EXERCISE OBJECTIVE:
Repeat the data below exactly, dropping any pictures it holds.

RECORDED DATA:
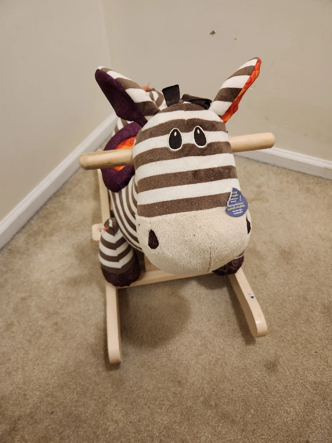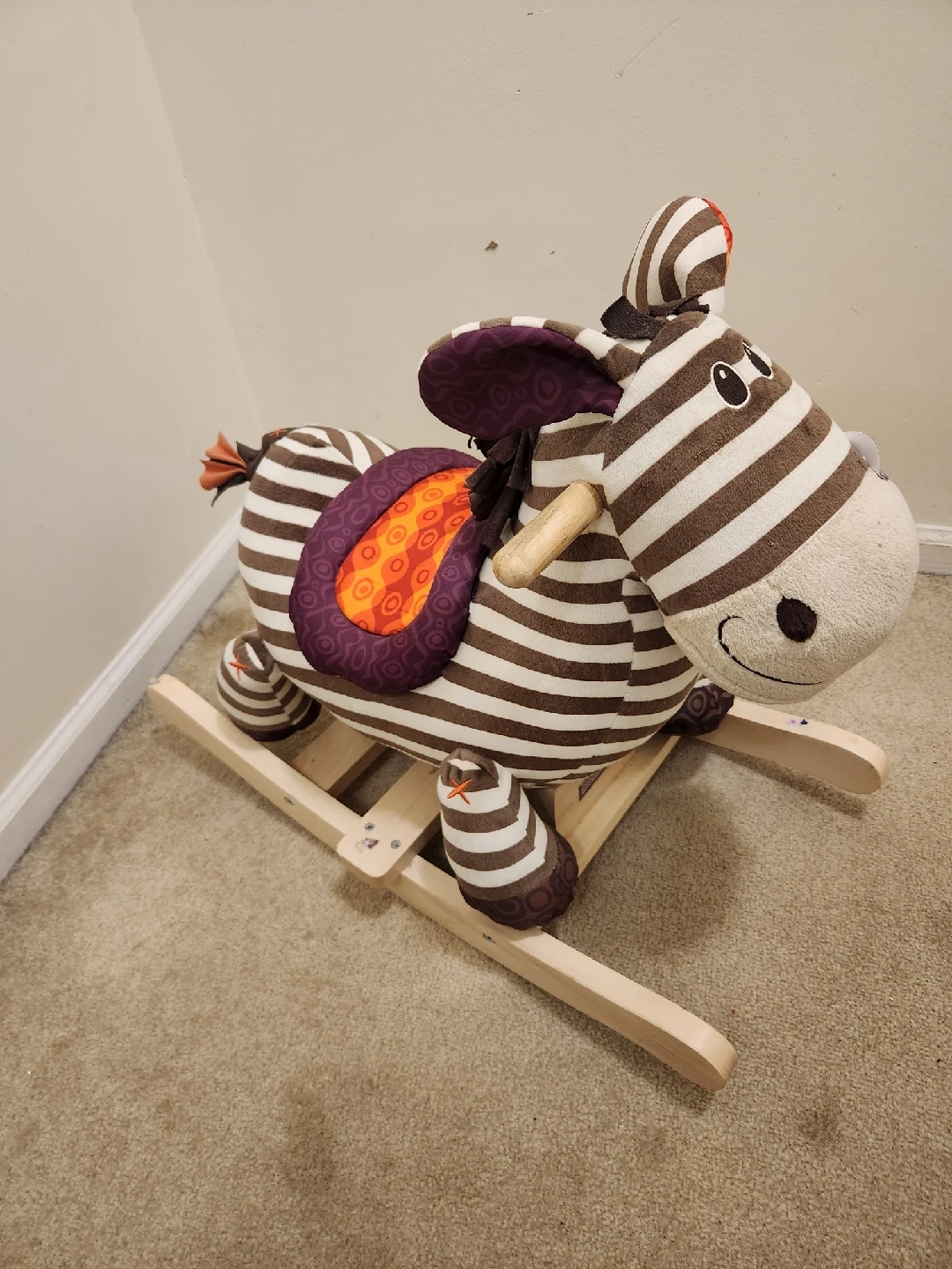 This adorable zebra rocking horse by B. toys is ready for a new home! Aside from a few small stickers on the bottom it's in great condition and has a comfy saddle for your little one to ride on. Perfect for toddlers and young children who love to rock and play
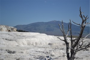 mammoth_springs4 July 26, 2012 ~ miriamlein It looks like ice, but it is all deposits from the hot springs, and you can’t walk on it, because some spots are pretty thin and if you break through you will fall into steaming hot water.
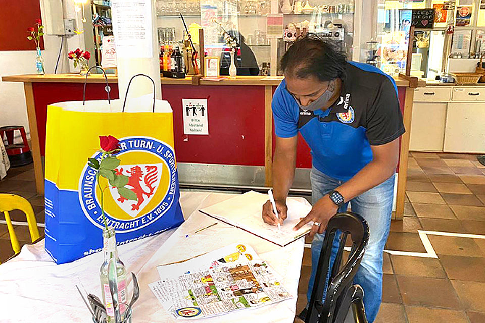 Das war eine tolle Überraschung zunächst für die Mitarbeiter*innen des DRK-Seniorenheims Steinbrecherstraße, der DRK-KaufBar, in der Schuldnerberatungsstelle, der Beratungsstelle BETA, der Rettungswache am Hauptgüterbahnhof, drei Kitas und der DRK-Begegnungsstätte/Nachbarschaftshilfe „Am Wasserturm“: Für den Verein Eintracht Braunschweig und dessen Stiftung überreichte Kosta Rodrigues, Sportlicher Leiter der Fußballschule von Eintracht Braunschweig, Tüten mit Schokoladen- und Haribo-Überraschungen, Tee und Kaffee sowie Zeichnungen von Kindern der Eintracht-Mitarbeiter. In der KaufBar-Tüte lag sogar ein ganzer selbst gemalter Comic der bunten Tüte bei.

OUTPUT:
 This adorable zebra rocking horse by B. toys is ready for a new home! Aside from a few small stickers on the bottom it's in great condition and has a comfy saddle for your little one to ride on. Perfect for toddlers and young children who love to rock and play
 mammoth_springs4 July 26, 2012 ~ miriamlein It looks like ice, but it is all deposits from the hot springs, and you can’t walk on it, because some spots are pretty thin and if you break through you will fall into steaming hot water.
 Das war eine tolle Überraschung zunächst für die Mitarbeiter*innen des DRK-Seniorenheims Steinbrecherstraße, der DRK-KaufBar, in der Schuldnerberatungsstelle, der Beratungsstelle BETA, der Rettungswache am Hauptgüterbahnhof, drei Kitas und der DRK-Begegnungsstätte/Nachbarschaftshilfe „Am Wasserturm“: Für den Verein Eintracht Braunschweig und dessen Stiftung überreichte Kosta Rodrigues, Sportlicher Leiter der Fußballschule von Eintracht Braunschweig, Tüten mit Schokoladen- und Haribo-Überraschungen, Tee und Kaffee sowie Zeichnungen von Kindern der Eintracht-Mitarbeiter. In der KaufBar-Tüte lag sogar ein ganzer selbst gemalter Comic der bunten Tüte bei.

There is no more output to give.